"Riding the Wave of Change" part 2
Troubled Waters
by Greg Hanson
Sunrise Wesleyan Church
September 20, 2009

Memory Verse:

Psalm 34:18 (NLT)
The LORD is close to the brokenhearted; He rescues those whose spirits are crushed.


AUDIO – Play the theme song to Gillian’s Island

Those poor people… just out for a three hour tour that stretched out into a three year series plus a couple TV movies. Those seven people, just out for a cruise, suddenly finding themselves in the middle of a storm, being tossed back and forth by the waves, just trying to survive.

Have you ever found yourself in a situation like that? Oh, I don’t mean literally… I just mean in life. Have you ever been sailing along peacefully in life, and all of a sudden the storm hits? It unleashes on you in a fury and you don’t know how you can survive?

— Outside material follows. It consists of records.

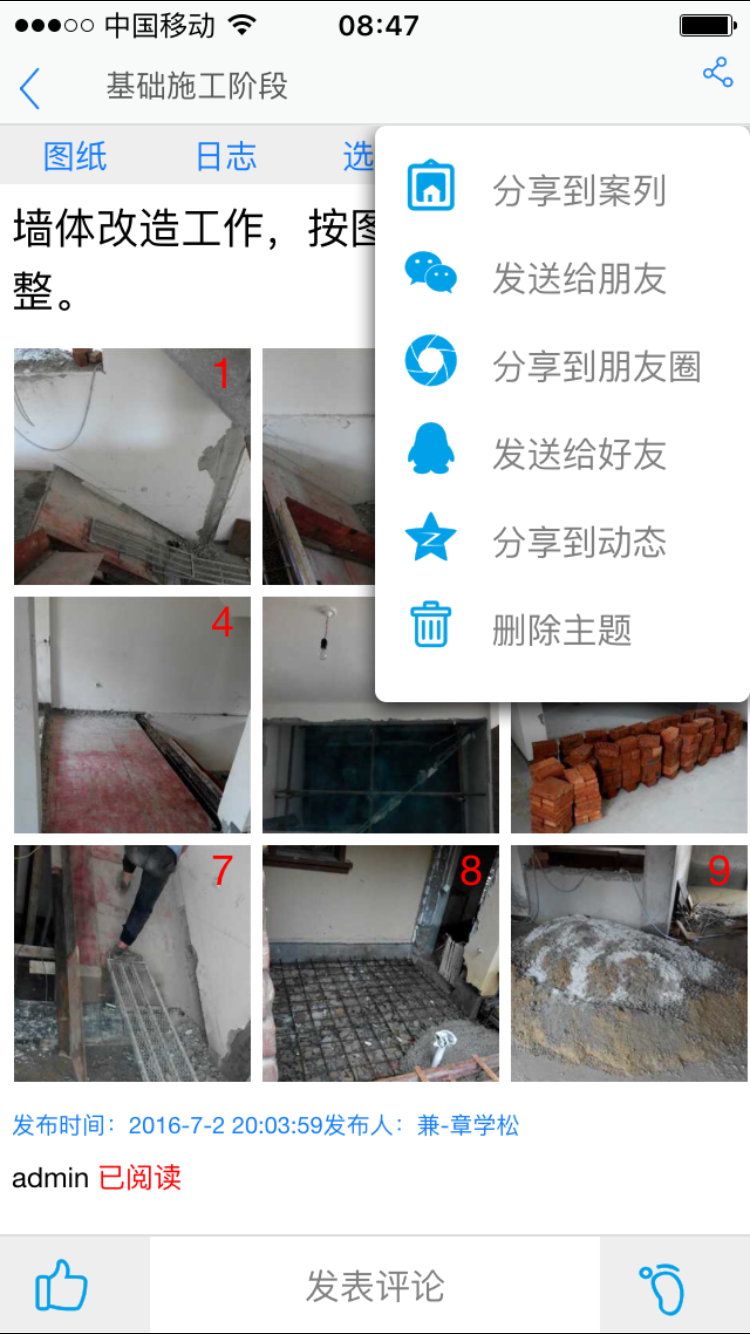 五、對主題進(jìn)行評論等互動,督促和監(jiān)督施工管理人員的作業(yè)標(biāo)準(zhǔn)
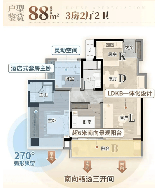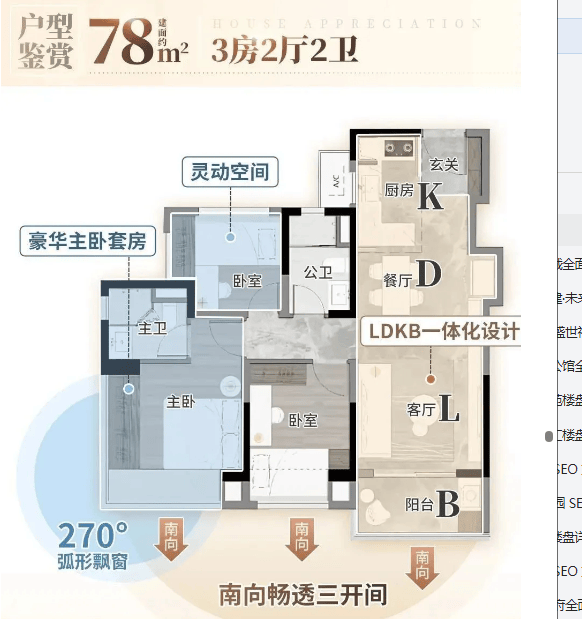 建面约78㎡三房两卫:刚需入门首选户型,全南向布局,采光通风极佳。户型紧凑实用,动静分区合理,主卧配备独立卫生间,保障私密性;赠送飘窗与阳台,拓展使用空间,满足三口之家日常居住需求,总价260万元起即可入手。
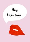 Leuke valentijnskaart om naar je valentijn te sturen met op de kaart lippen en de tekst: Hey handsome.
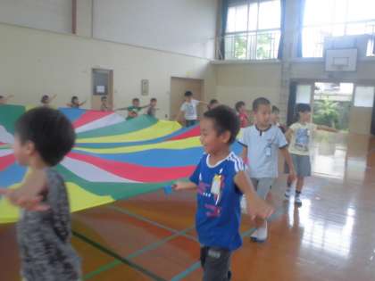 1年生と2年生は、それぞれ体育館でパラバルーンや魔女のタンゴを踊ったり、5組の紹介プレゼンテーションを見たりしました。
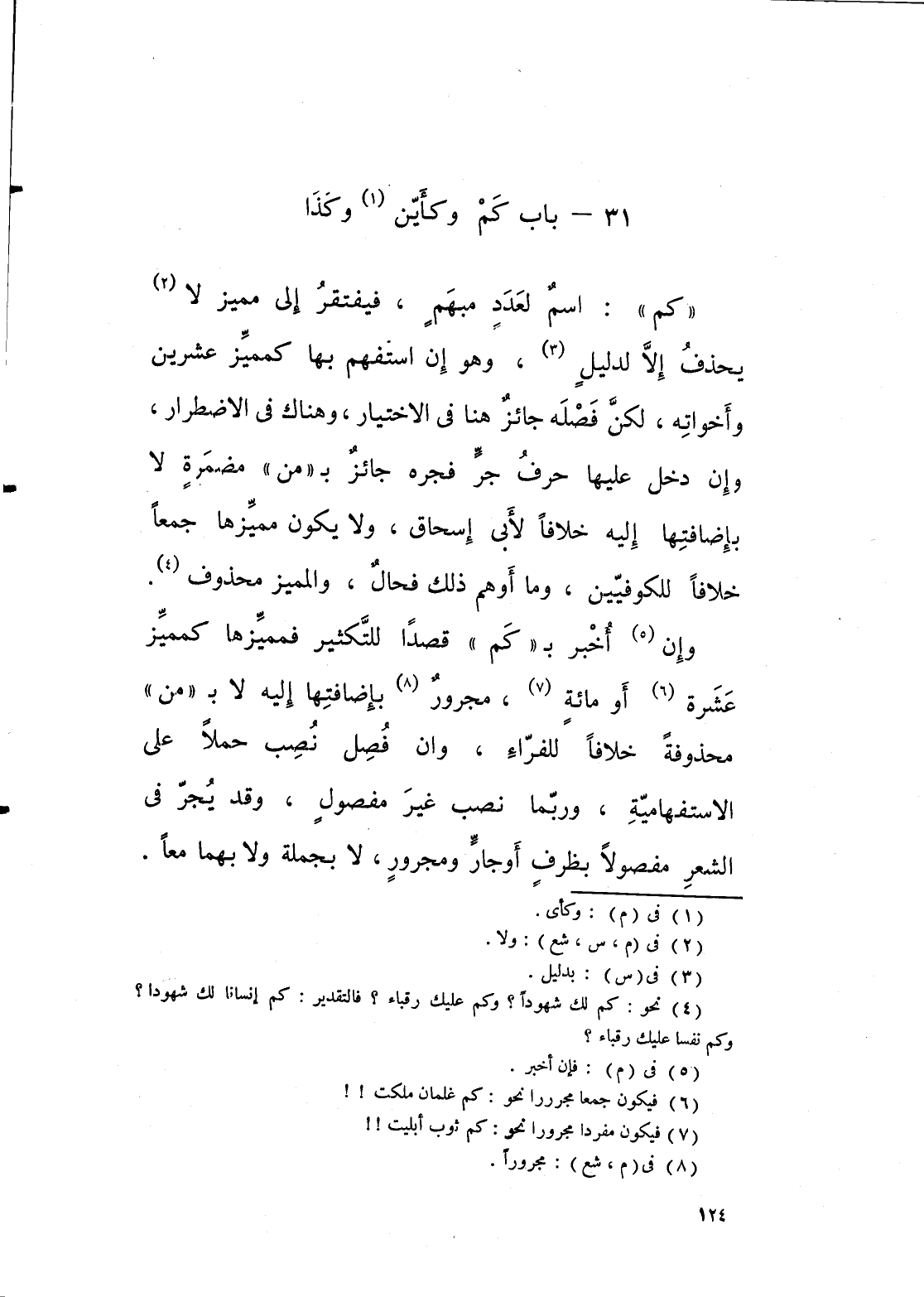 " كم " اسم لعدد مبهم، فيفتقر الى مميز لا يحذف الا لدليل، وهو ان استفهم بها كمميز عشرين واخواته، اكن فصله جائز هنا في الاختيار وهناك في الاضطرار، وان دخل عليها حرف جر، فجره جائز بـ " من " مضمرة، لا بإضافتها اليه خلافا لأبي اسحاق، ولا يكون مميزها جمعا خلافا للكوفيين، وما اوهم ذلك فحال، والمميز محذوف.

Well, in life, we all go through our stormy seas. We all encounter troubles waters. And you don’t really have a choice about this. Life has its ups and downs, for all of us.
I would say this is the great equalizer. Because it doesn’t matter how rich you are, how educated you are, how old you are… it doesn’t matter if you’re a man or a woman, if you’re religious or an atheist, a wise and intelligent person or a Montreal Canadiens fan. You’re going to face troubled waters in life.

So what do you do when the storm hits?

Last week here we began a brand new message series called “Riding the Wave of Change.” And we talked specifically about the major life changes we go through… the decisions we make that affect our lives and how we can keep our balance when going through them. And mostly we talked about the planned or expected life changes… like getting married, starting a job, moving to a new location, starting a new school… those things that we usually have some kind of control over but they still throw us for a loop.

Well, today, we’re going to talk about the changes in our lives that we don’t have much if any control over… the things that just happen that aren’t so pleasant… the troubles that come our way. Like losing a job, or encountering health problems, or suffering a major loss in life. What do you do when those kinds of storms hit?

Because let me tell you something… No matter who you are…

You are...

•    Heading into a storm
•    Currently going through a storm, or
•    Just coming out of a storm

So what we’re going to do this morning to help us learn to deal with these storms is take a look at an actual storm that happen it October about 1950 years ago. The account is found in the Bible in the book of Acts, and Jasmine just read it for us.

Let me give you some background. The Apostle Paul… an early follower of Christ and the man primarily responsible for spreading the news about Jesus beyond the Jewish community… had been arrested and was to stand trial.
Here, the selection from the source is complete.